This placebo consists on neutral guided imagery focused on themes of the patient's daily life before having DFU. Each session has a theme associated with the patient's life - family, work, friends and leisure. Initially, the patient is asked to think about an event related to the theme of the session of his/her choice, be it positive or negative, which occurred before patient has the current DFU. Then, questions are asked which allow a more detailed reconstruction of the event and the patient is asked to imagine according only to the instructions given. When the whole episode is remembered, the patient is asked to tell what he or she imagined/remembered in each of the questions given.
Clínica do Pé Diabético, Centro Hospitalar do Tâmega e Sousa
Penafiel, Portugal
Centro Hospitalar Universitário do Porto
Porto, Portugal
Rate of eligibility
This rate will result from the proportion between the number of eligible patients and the total number of observed patients, in percentage.
Time frame: Baseline (T0)
Rate of recruitment
This rate will result from the proportion between the number of patients who accepted to participate and the number of eligible patients, in percentage.
Time frame: Baseline (T0)
Rate of refusal
This rate will result from the proportion between the number of patients who rejected to participate in the study and the number of patients invited to participate, in percentage.
Time frame: Baseline (T0)
Rate of adherence to the study protocol
This rate will result from the proportion between the number of patients who performed the assessments/intervention sessions and the number of patients who completed the baseline assessment (T0), in percentage.
Time frame: Through study completion, an average of 6 months
Rate of participation in follow-up
This rate will result from the proportion between the number of patients who participated in follow-up assessment and the number of patients who completed the baseline assessment (T0), presented in percentage.

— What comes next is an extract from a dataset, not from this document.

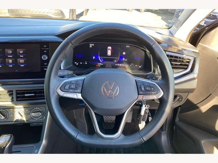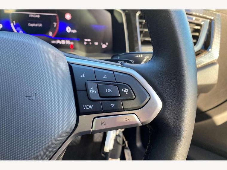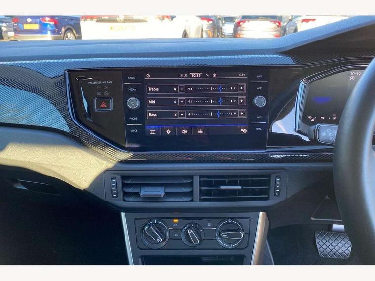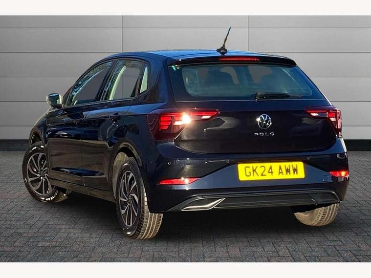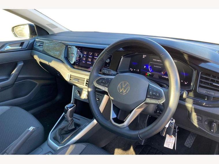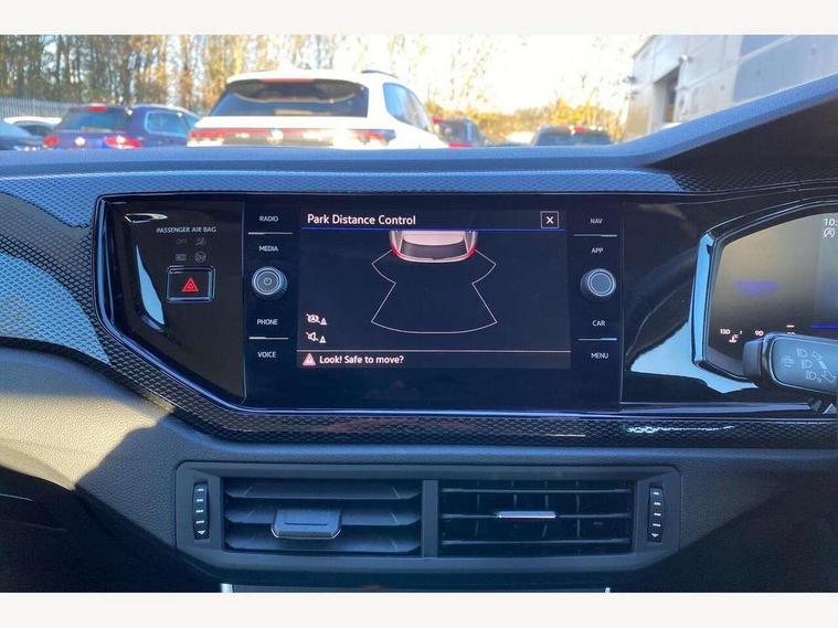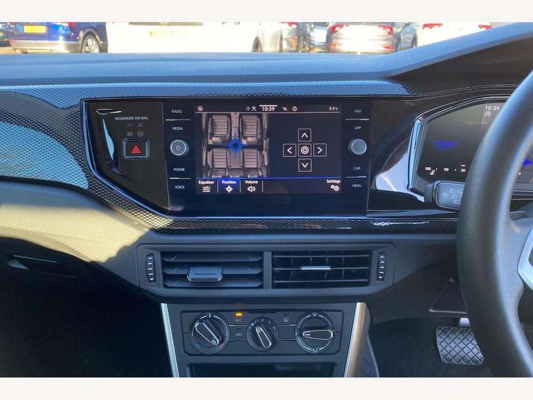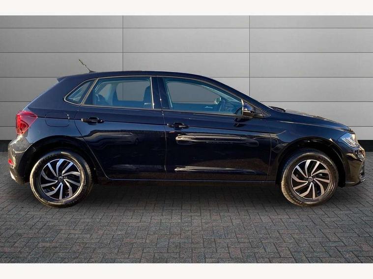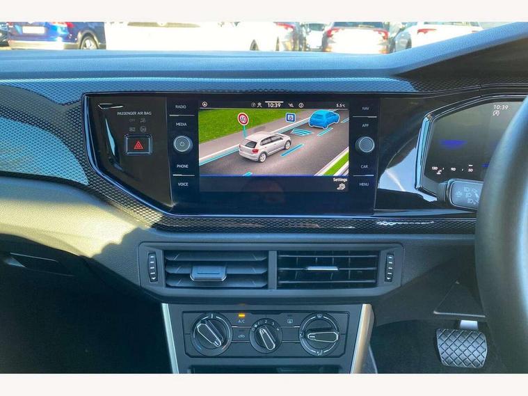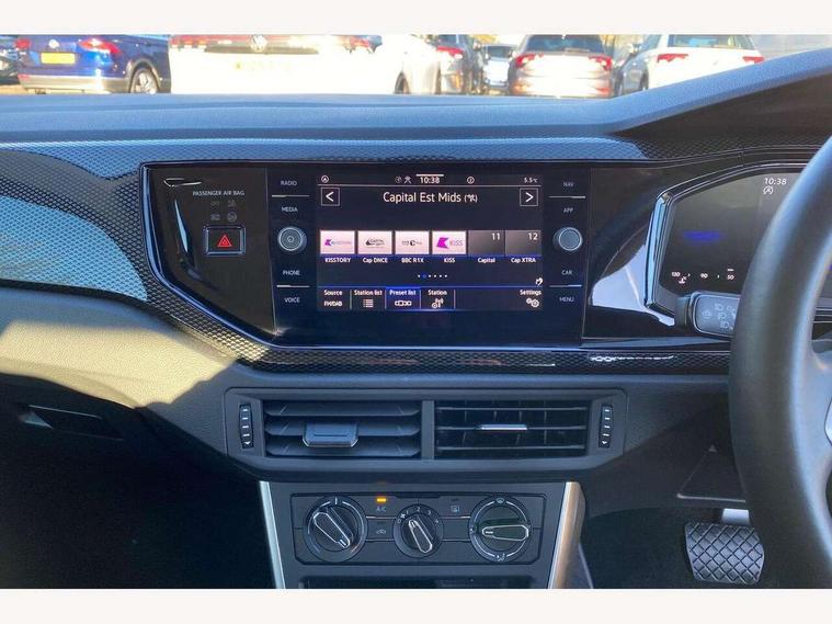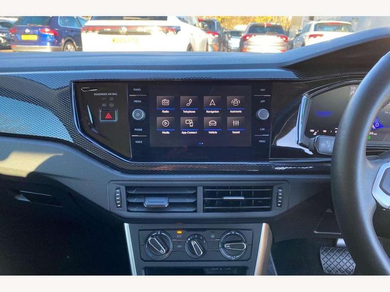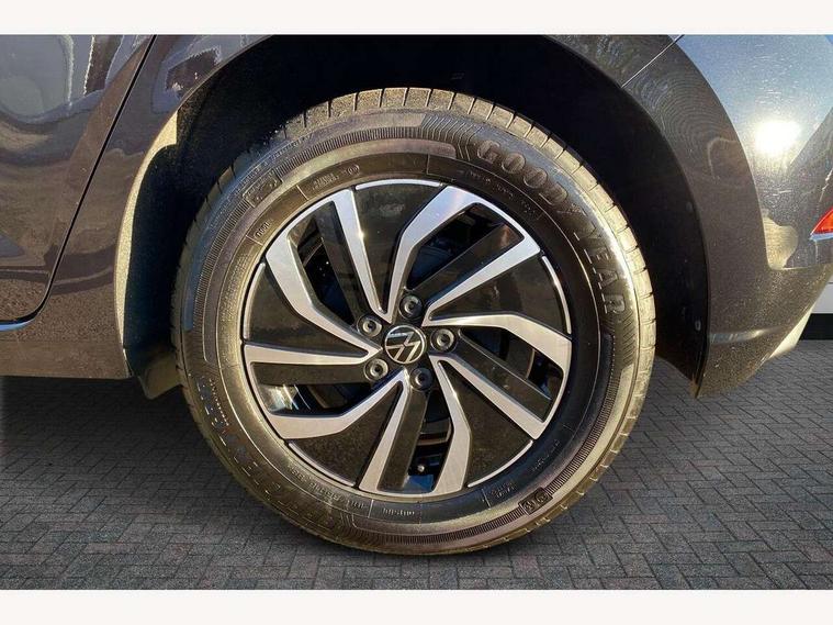 Adaptive cruise control with follow-to-stop and speed limiter, Advanced driver attention and drowsiness monitor, Bluetooth mobile phone interface, Dynamic road sign display, Emergency call service, Power assisted speed sensitive steering, Preparation for navigation system with media and internet package, Preparation for We connect and We connect plus, Speedo and rev counter, electronic odometer, trip, service interval display and exterior temperature gauge, Standard rear axle, Travel Assist - Lane keeping system and traffic jam assist, Travel assist including emergency assist, Trip computer, Warning signal and warning light for front and rear seatbelts not fastened, Washer fluid level indicator, Wireless app connect, Front wheel drive, Rear shock absorpion, Start-stop system with battery regeneration (recuperation - energy recovery during braking), DAB Digital radio, Diversity antenna for FM reception, Automatic dimming interior rear view mirror, Automatic headlight control with LED separate daytime running lights with coming/leaving home function, Body colour bumpers with chrome inserts, Body colour door handles, Body colour door mirrors, Electric front windows, Engine badge deletion, Headlight range adjustment, Heat insulating and laminated safety glass windshield, Heat insulating darkened glass in side and rear windows, Heat insulating glass windscreen, LED Headlights, LED rear combination lamps, Power folding adjustable/heated exterior mirrors and front passenger exterior mirror lowering function, Rain sensor, Rear electric windows, Rear fog light, Rear side wing doors, Rear windscreen washer and wiper with interval delay, Third brake light, 12V power socket in centre console, 2 front and 2 rear reading lights with switch off delay and dimmer, 2 USB-C ports in the front, 2 USB-C charging sockets on the center console in the rear, 3 rear head restraints, 60/40 split folding rear seat and rear seat bench not split, Ceramique roof lining, Chrome plated radiator grille inserts, air vent surrounds and light switch surrounds, Door and side trim panel, Driver and front passenger seat height adjustment, Driver/passenger sunvisors with illuminated vanity mirrors, Front centre armrest, Front seat backrest storage pockets, Front standard seats, Handbrake lever handle in leather, Hartley/Thomas cloth upholstery, Headliner in recycled material, Isofix child seat preparation easy-fit (for two outer rear seats, and front passenger seat) compatible with I-size, Leather trimmed gear knob, Luggage compartment cover, Luggage compartment lighting, Removable luggage compartment floor, Single front passenger seat, Standard climatic zones, Standard pedal cluster, Three spoke leather wrapped multifunction steering wheel with shifting paddles, Light and vision pack - Polo, 3 point height adj front seatbelts + pretensioners, 3x3 point rear seatbelts, ABS, Driver and front passenger airbag with front passenger airbag deactivation, Drivers and front passengers safety optimised head restraints, ESC (Electronic stability control) + EDL (Electronic Differntial lock) and ASR (Traction control), Extended and predictive pedestrian/ cyclist protection, Front assist with autonomous emergency braking (for Adaptive Cruise Control ACC up to 130 mph), Front curtain and side airbags with center airbag, Front disc brakes, Hill hold control, Manual child lock in rear doors, Rear drum brakes, Single tone horn, Tyre pressure loss indicator, Alarm with interior protection, Anti-theft alarm system with interior monitoring, backup horn, and towing protection, Anti-theft wheel bolts, Electronic engine immobiliser, Lava stone black gloss/matt decorative inserts in dash and front door panels, Low rolling resistance tyres,

Time frame: Through study completion, an average of 6 months
Rate of dropout
This rate will result from the proportion between the number of patients who dropout the study and the number of patients who completed the baseline assessment (T0), presented in percentage.
Time frame: Through study completion, an average of 6 months
Patient satisfaction with the relaxation intervention
The degree of patients´ satisfaction with the relaxation intervention will be assessed through questions developed for this purpose, including the degree of general satisfaction with the sessions; the impact on stress, anxiety and depression, and wound healing after the four sessions; the degree of usefulness for patients with DFU; the desire to participate in future sessions; and the recommendation of the sessions to other patients with DFU. All the questions will be assessed on a Likert scale from 1 (very unsatisfied/ none/ totally disagree) to 5 (very satisfied/ extreme/ totally agree).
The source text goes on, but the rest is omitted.